> Your task: Show every line below where "that" can be found.

> Exercise data:

══════

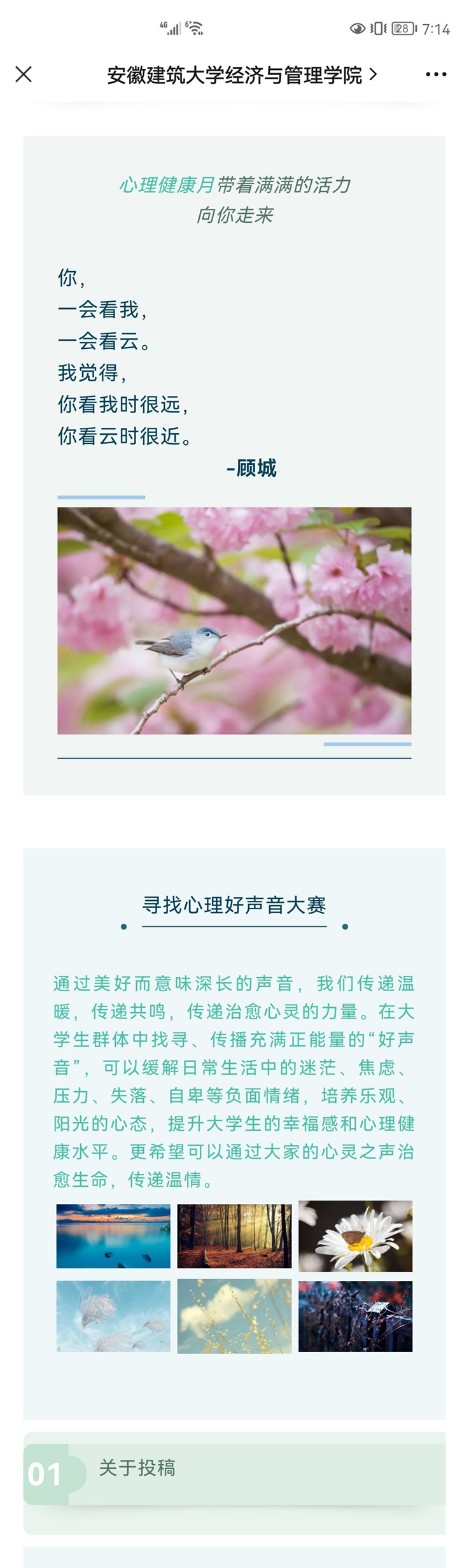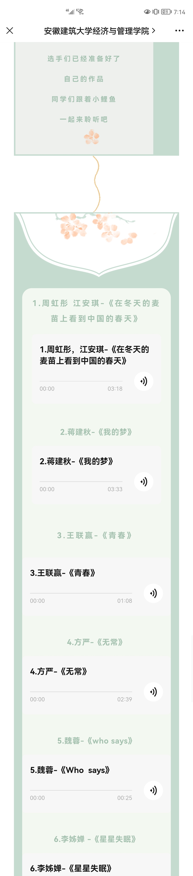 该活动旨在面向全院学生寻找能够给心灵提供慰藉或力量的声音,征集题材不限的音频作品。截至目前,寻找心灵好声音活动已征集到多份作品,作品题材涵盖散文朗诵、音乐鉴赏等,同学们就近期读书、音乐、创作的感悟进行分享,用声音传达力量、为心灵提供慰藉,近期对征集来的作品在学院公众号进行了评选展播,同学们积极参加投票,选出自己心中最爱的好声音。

══════

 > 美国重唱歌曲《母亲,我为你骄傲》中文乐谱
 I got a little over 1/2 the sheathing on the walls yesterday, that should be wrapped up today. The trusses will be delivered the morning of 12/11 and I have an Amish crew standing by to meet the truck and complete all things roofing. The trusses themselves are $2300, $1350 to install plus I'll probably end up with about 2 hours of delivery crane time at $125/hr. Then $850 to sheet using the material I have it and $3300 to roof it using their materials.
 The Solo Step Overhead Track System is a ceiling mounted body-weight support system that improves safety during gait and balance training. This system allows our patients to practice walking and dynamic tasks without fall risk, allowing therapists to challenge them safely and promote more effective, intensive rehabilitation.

══════

> Task answer:
 I got a little over 1/2 the sheathing on the walls yesterday, that should be wrapped up today. The trusses will be delivered the morning of 12/11 and I have an Amish crew standing by to meet the truck and complete all things roofing. The trusses themselves are $2300, $1350 to install plus I'll probably end up with about 2 hours of delivery crane time at $125/hr. Then $850 to sheet using the material I have it and $3300 to roof it using their materials.
 The Solo Step Overhead Track System is a ceiling mounted body-weight support system that improves safety during gait and balance training. This system allows our patients to practice walking and dynamic tasks without fall risk, allowing therapists to challenge them safely and promote more effective, intensive rehabilitation.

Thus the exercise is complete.